Sigh. In April. RIP, daffodil.
Last time, I broached the monumental twin subjects of tension and conflict in novels and memoirs. While lack of either is a frequent rejection trigger, there are as many individual underlying causes for flabby tension and minimal conflict as there are manuscripts — or, indeed, as there are pages in individual manuscripts.
But that’s not going to stop me from talking about how to attack some of the more common culprits.
Yesterday, I introduced the Short Road Home, the all-too-common narrative practice of resolving a conflict practically as soon as it is introduced — or the first time the protagonist really puts his mind to it. Generally speaking, Short Roads Home tend to be a matter of the author’s not dealing with actions necessary to resolve a conflict and/or the action’s messy and page-consuming results.
They are, in a word, shortcuts — and in the vast majority of manuscripts, these shortcuts both minimize conflict and reduce tension.
The GOOD news is that the Short Road Home is exceptionally easy to spot in a manuscript, once a writer knows to be looking for it. While a bit time-consuming to fix — often, Short Roads Home are small shortcuts, rather than extensive plot detours, so it may require some pretty close reading to spot ‘em — the benefits in added character development tend to be substantial.
Okay, so good news is relative. I never promised you that revision would be a breeze, did I?
After my last post, I felt a certain amount of disgruntlement lingering in the air. “Well, YOU may not like it, Anne,” I heard some of you mutter, “but I have seen the Short Road Home used countless times in books. How can a trait knock my manuscript out of consideration when so many prominent writers do it routinely? Clearly, SOMEONE is selling stories with these kinds of devices.”
I can easily believe that you’ve seen the Short Road Home a million times in published books, and a million and twelve times in movies — so often, in fact, that you may not have identified it as a storytelling problem per se. Allow me to suggest that the main producers of Short Roads Home, like Idiot Plots (see yesterday’s post) are NOT first-time screenwriters and novelists, though, but ones with already-established track records.
In other words, it would not necessarily behoove you to emulate their step-skipping ways.
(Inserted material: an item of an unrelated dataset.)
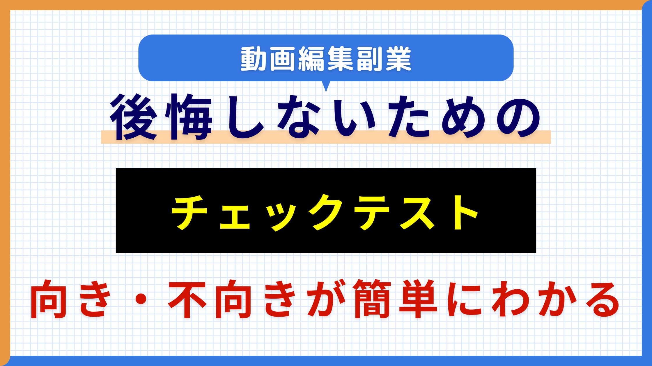 - 動画編集の副業について、「はい」「いいえ」で答えられる簡単な向き・不向きチェック

Are you sitting down? I have some bad news: established writers can get away with shortcuts with infinitely greater ease than someone trying to break into either the publishing or movie biz for the first time. As a general rule, the longer ago the writer broke in and/or the more successful he has been, the greater latitude he enjoys.
There’s even an industry truism about it: to break into the business, a first book has to be significantly BETTER than what is already on the market.
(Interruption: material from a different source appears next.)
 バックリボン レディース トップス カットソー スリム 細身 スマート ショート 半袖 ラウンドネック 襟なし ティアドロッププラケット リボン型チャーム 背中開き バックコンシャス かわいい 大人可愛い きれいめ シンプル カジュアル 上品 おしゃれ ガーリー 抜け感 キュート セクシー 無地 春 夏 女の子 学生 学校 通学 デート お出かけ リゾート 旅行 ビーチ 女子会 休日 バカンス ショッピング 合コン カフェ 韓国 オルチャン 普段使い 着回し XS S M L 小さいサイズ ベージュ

To be blunt about it, as good is not necessarily good enough. Sorry to have to be the one to tell you that, but it’s just a fact of the literary market.
I ran into an example of this a couple of years ago in my critique group: one of my colleagues, a genuinely fine writer of many published books, showed us a chapter where her protagonist escapes from a choking situation by kneeing her attacker (who happens to be her boyfriend) in the groin. The attacker slinks off almost immediately, never to return; conflict resolved.
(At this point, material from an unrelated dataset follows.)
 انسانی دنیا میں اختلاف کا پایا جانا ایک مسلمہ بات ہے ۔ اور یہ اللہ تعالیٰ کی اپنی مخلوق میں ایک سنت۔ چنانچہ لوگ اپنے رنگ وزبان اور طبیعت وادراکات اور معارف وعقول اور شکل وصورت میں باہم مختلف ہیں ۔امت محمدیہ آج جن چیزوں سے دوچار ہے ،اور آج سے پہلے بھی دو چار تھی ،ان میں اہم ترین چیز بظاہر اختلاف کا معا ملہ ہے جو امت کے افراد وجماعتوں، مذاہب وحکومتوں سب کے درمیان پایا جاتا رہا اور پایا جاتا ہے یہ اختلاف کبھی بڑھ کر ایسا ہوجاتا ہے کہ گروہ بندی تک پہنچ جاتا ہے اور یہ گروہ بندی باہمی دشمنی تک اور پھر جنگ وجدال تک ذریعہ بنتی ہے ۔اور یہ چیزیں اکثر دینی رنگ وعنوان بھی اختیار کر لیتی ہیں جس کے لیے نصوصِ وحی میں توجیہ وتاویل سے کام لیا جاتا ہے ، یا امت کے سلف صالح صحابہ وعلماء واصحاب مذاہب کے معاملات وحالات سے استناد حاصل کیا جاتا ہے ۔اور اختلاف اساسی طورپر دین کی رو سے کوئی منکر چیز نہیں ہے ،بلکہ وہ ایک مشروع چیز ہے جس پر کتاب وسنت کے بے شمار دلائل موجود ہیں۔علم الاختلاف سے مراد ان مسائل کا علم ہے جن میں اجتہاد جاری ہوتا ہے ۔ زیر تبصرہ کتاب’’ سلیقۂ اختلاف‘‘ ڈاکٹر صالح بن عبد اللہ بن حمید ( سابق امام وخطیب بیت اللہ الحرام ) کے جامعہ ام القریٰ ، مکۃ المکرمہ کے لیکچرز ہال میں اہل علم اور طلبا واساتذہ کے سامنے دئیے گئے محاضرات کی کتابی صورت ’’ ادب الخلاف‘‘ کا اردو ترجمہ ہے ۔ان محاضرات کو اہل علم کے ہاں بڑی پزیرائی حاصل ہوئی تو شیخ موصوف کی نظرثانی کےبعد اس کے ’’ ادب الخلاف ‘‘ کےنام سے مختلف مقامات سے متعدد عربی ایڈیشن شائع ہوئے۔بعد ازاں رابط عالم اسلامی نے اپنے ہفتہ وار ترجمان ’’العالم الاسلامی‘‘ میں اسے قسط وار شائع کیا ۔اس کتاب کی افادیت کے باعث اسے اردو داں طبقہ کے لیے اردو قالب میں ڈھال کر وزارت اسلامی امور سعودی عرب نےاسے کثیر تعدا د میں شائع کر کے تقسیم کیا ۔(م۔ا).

Now, three aspects of this scene immediately set off Short Road Home alarm bells for me. The first relates to plausibility: reflexes tend to kick in pretty darned quickly. My self-defense teacher taught me that a man will instinctively move to protect what she liked to call “his delicates,” so that area is not a good first-strike target when you were defending yourself. So why didn’t the chapter’s attacker automatically block the blow?
Second, the attacker is able to walk out of the room right away after being battered in the groin, with no recovery time. Simple playground observation tells us is seldom true in these instances.
Third — and what marks this exchange as a Short Road Home rather than merely physically improbable — this scene ended a relationship that had been going on for two-thirds of the book; one swift jab, and both sides spontaneously agree to call it a day.
Is it just me, or are most relationships, abusive or otherwise, just a touch harder to terminate permanently? I’ve had dentists’ offices try harder to keep in touch with me.
Now, to be absolutely honest, because my colleague is an established writer, she would probably be able to get this Short Road Home past her agent and editor if I hadn’t flagged it. However, it’s the kind of logical problem reviewers do tend to catch, even in the work of well-known writers — and thus, it should be avoided.
I brought up this example so you would have a vivid image in your mind the next time you are reading through your own manuscript or contest entry: if your villain doesn’t need recovery time after being kneed in the groin or the equivalent, perhaps you need to reexamine just how quickly you’re backing your protagonist out of the scene.
One true test of a Short Road Home is if a reader is left wondering, “Gee, wouldn’t there have been consequences for what just happened? Wasn’t that resolved awfully easily?” If you are rushing your protagonist away from conflict — which, after all, is the stuff of dramatic writing — you might want to sit down and think about why.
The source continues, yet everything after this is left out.